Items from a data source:
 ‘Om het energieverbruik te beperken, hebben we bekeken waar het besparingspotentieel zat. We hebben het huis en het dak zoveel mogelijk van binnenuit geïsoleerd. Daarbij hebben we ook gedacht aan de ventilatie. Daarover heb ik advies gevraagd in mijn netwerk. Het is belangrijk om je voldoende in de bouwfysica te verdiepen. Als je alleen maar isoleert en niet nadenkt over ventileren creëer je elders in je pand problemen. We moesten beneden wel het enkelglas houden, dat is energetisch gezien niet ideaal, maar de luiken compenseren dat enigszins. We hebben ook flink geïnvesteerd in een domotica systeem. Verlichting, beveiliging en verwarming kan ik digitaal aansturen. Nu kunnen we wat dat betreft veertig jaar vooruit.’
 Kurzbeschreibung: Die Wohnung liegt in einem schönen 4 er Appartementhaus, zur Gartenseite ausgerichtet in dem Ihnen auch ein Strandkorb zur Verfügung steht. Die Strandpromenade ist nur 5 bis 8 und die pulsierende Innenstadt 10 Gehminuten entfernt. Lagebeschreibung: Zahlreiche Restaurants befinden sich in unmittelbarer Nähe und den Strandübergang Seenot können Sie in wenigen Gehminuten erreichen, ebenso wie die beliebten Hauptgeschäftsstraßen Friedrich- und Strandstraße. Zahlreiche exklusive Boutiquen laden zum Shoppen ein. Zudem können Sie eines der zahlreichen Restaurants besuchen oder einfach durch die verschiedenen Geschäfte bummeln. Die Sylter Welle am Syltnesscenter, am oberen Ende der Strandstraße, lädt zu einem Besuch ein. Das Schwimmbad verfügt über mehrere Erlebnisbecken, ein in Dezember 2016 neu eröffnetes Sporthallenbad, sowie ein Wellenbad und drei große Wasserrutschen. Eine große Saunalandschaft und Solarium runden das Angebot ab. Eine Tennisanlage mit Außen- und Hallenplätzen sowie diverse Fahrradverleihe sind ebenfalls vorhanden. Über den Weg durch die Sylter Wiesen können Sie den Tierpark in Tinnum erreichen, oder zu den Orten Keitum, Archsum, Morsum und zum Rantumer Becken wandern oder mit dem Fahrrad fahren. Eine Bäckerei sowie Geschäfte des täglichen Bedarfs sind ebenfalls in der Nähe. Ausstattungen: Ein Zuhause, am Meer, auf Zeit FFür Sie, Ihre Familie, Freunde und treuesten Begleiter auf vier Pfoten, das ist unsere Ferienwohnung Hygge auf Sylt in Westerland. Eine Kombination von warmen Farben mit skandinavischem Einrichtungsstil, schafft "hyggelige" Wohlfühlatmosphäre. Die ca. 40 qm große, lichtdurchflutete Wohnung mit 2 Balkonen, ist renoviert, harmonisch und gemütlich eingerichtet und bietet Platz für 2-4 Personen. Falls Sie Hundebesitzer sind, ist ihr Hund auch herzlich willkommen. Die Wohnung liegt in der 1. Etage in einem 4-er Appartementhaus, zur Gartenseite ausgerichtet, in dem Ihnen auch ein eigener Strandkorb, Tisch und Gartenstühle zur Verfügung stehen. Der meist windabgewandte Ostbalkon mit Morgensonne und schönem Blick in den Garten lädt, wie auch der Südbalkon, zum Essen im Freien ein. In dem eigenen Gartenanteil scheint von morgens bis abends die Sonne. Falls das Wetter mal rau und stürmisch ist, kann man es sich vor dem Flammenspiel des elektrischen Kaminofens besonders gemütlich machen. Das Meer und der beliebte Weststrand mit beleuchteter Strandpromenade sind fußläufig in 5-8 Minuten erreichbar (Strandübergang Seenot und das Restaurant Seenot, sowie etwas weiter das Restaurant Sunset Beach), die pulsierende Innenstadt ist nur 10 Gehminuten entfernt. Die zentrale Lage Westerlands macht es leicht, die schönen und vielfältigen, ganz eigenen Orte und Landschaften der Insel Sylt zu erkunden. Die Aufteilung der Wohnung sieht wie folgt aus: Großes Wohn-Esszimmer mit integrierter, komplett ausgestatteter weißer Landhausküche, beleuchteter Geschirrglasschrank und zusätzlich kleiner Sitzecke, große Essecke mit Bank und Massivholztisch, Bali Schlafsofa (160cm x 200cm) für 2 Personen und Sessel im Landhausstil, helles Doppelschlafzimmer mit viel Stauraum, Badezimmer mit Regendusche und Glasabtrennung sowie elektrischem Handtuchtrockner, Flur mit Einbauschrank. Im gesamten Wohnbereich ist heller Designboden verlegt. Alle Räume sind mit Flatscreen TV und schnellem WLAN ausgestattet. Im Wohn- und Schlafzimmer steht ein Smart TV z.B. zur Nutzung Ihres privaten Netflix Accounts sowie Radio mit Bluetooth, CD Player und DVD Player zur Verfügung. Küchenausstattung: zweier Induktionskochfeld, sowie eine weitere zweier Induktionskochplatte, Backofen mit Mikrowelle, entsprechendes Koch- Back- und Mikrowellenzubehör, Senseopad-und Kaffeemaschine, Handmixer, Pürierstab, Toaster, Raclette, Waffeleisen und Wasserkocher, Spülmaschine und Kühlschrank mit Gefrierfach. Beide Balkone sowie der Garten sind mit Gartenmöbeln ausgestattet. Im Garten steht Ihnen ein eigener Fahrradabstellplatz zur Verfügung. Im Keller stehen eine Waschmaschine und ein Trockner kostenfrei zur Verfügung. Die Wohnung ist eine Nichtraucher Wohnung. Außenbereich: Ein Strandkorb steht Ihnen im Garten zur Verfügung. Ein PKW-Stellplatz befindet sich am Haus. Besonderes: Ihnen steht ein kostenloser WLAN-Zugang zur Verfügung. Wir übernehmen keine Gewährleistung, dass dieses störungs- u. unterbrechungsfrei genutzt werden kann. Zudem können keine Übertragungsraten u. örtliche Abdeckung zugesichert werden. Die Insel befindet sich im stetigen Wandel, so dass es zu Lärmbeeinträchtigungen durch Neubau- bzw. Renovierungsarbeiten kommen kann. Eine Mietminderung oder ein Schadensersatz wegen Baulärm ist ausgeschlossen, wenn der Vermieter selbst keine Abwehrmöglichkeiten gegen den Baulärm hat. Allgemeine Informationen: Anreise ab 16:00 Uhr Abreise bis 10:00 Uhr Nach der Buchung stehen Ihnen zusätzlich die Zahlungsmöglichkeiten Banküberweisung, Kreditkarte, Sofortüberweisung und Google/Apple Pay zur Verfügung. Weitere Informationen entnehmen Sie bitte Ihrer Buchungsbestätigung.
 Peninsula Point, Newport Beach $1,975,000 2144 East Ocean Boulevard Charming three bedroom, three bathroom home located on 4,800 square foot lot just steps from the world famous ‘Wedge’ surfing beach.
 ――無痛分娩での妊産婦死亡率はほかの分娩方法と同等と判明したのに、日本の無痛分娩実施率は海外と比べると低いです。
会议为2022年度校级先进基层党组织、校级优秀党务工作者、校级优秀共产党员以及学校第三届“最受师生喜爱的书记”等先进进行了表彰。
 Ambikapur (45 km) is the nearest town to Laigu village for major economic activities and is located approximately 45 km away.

» TASK INSTRUCTIONS
Return all the data above once more, precisely as given.

» RESULT OF THE TASK
 ‘Om het energieverbruik te beperken, hebben we bekeken waar het besparingspotentieel zat. We hebben het huis en het dak zoveel mogelijk van binnenuit geïsoleerd. Daarbij hebben we ook gedacht aan de ventilatie. Daarover heb ik advies gevraagd in mijn netwerk. Het is belangrijk om je voldoende in de bouwfysica te verdiepen. Als je alleen maar isoleert en niet nadenkt over ventileren creëer je elders in je pand problemen. We moesten beneden wel het enkelglas houden, dat is energetisch gezien niet ideaal, maar de luiken compenseren dat enigszins. We hebben ook flink geïnvesteerd in een domotica systeem. Verlichting, beveiliging en verwarming kan ik digitaal aansturen. Nu kunnen we wat dat betreft veertig jaar vooruit.’
 Kurzbeschreibung: Die Wohnung liegt in einem schönen 4 er Appartementhaus, zur Gartenseite ausgerichtet in dem Ihnen auch ein Strandkorb zur Verfügung steht. Die Strandpromenade ist nur 5 bis 8 und die pulsierende Innenstadt 10 Gehminuten entfernt. Lagebeschreibung: Zahlreiche Restaurants befinden sich in unmittelbarer Nähe und den Strandübergang Seenot können Sie in wenigen Gehminuten erreichen, ebenso wie die beliebten Hauptgeschäftsstraßen Friedrich- und Strandstraße. Zahlreiche exklusive Boutiquen laden zum Shoppen ein. Zudem können Sie eines der zahlreichen Restaurants besuchen oder einfach durch die verschiedenen Geschäfte bummeln. Die Sylter Welle am Syltnesscenter, am oberen Ende der Strandstraße, lädt zu einem Besuch ein. Das Schwimmbad verfügt über mehrere Erlebnisbecken, ein in Dezember 2016 neu eröffnetes Sporthallenbad, sowie ein Wellenbad und drei große Wasserrutschen. Eine große Saunalandschaft und Solarium runden das Angebot ab. Eine Tennisanlage mit Außen- und Hallenplätzen sowie diverse Fahrradverleihe sind ebenfalls vorhanden. Über den Weg durch die Sylter Wiesen können Sie den Tierpark in Tinnum erreichen, oder zu den Orten Keitum, Archsum, Morsum und zum Rantumer Becken wandern oder mit dem Fahrrad fahren. Eine Bäckerei sowie Geschäfte des täglichen Bedarfs sind ebenfalls in der Nähe. Ausstattungen: Ein Zuhause, am Meer, auf Zeit FFür Sie, Ihre Familie, Freunde und treuesten Begleiter auf vier Pfoten, das ist unsere Ferienwohnung Hygge auf Sylt in Westerland. Eine Kombination von warmen Farben mit skandinavischem Einrichtungsstil, schafft "hyggelige" Wohlfühlatmosphäre. Die ca. 40 qm große, lichtdurchflutete Wohnung mit 2 Balkonen, ist renoviert, harmonisch und gemütlich eingerichtet und bietet Platz für 2-4 Personen. Falls Sie Hundebesitzer sind, ist ihr Hund auch herzlich willkommen. Die Wohnung liegt in der 1. Etage in einem 4-er Appartementhaus, zur Gartenseite ausgerichtet, in dem Ihnen auch ein eigener Strandkorb, Tisch und Gartenstühle zur Verfügung stehen. Der meist windabgewandte Ostbalkon mit Morgensonne und schönem Blick in den Garten lädt, wie auch der Südbalkon, zum Essen im Freien ein. In dem eigenen Gartenanteil scheint von morgens bis abends die Sonne. Falls das Wetter mal rau und stürmisch ist, kann man es sich vor dem Flammenspiel des elektrischen Kaminofens besonders gemütlich machen. Das Meer und der beliebte Weststrand mit beleuchteter Strandpromenade sind fußläufig in 5-8 Minuten erreichbar (Strandübergang Seenot und das Restaurant Seenot, sowie etwas weiter das Restaurant Sunset Beach), die pulsierende Innenstadt ist nur 10 Gehminuten entfernt. Die zentrale Lage Westerlands macht es leicht, die schönen und vielfältigen, ganz eigenen Orte und Landschaften der Insel Sylt zu erkunden. Die Aufteilung der Wohnung sieht wie folgt aus: Großes Wohn-Esszimmer mit integrierter, komplett ausgestatteter weißer Landhausküche, beleuchteter Geschirrglasschrank und zusätzlich kleiner Sitzecke, große Essecke mit Bank und Massivholztisch, Bali Schlafsofa (160cm x 200cm) für 2 Personen und Sessel im Landhausstil, helles Doppelschlafzimmer mit viel Stauraum, Badezimmer mit Regendusche und Glasabtrennung sowie elektrischem Handtuchtrockner, Flur mit Einbauschrank. Im gesamten Wohnbereich ist heller Designboden verlegt. Alle Räume sind mit Flatscreen TV und schnellem WLAN ausgestattet. Im Wohn- und Schlafzimmer steht ein Smart TV z.B. zur Nutzung Ihres privaten Netflix Accounts sowie Radio mit Bluetooth, CD Player und DVD Player zur Verfügung. Küchenausstattung: zweier Induktionskochfeld, sowie eine weitere zweier Induktionskochplatte, Backofen mit Mikrowelle, entsprechendes Koch- Back- und Mikrowellenzubehör, Senseopad-und Kaffeemaschine, Handmixer, Pürierstab, Toaster, Raclette, Waffeleisen und Wasserkocher, Spülmaschine und Kühlschrank mit Gefrierfach. Beide Balkone sowie der Garten sind mit Gartenmöbeln ausgestattet. Im Garten steht Ihnen ein eigener Fahrradabstellplatz zur Verfügung. Im Keller stehen eine Waschmaschine und ein Trockner kostenfrei zur Verfügung. Die Wohnung ist eine Nichtraucher Wohnung. Außenbereich: Ein Strandkorb steht Ihnen im Garten zur Verfügung. Ein PKW-Stellplatz befindet sich am Haus. Besonderes: Ihnen steht ein kostenloser WLAN-Zugang zur Verfügung. Wir übernehmen keine Gewährleistung, dass dieses störungs- u. unterbrechungsfrei genutzt werden kann. Zudem können keine Übertragungsraten u. örtliche Abdeckung zugesichert werden. Die Insel befindet sich im stetigen Wandel, so dass es zu Lärmbeeinträchtigungen durch Neubau- bzw. Renovierungsarbeiten kommen kann. Eine Mietminderung oder ein Schadensersatz wegen Baulärm ist ausgeschlossen, wenn der Vermieter selbst keine Abwehrmöglichkeiten gegen den Baulärm hat. Allgemeine Informationen: Anreise ab 16:00 Uhr Abreise bis 10:00 Uhr Nach der Buchung stehen Ihnen zusätzlich die Zahlungsmöglichkeiten Banküberweisung, Kreditkarte, Sofortüberweisung und Google/Apple Pay zur Verfügung. Weitere Informationen entnehmen Sie bitte Ihrer Buchungsbestätigung.
 Peninsula Point, Newport Beach $1,975,000 2144 East Ocean Boulevard Charming three bedroom, three bathroom home located on 4,800 square foot lot just steps from the world famous ‘Wedge’ surfing beach.
 ――無痛分娩での妊産婦死亡率はほかの分娩方法と同等と判明したのに、日本の無痛分娩実施率は海外と比べると低いです。
会议为2022年度校级先进基层党组织、校级优秀党务工作者、校级优秀共产党员以及学校第三届“最受师生喜爱的书记”等先进进行了表彰。
 Ambikapur (45 km) is the nearest town to Laigu village for major economic activities and is located approximately 45 km away.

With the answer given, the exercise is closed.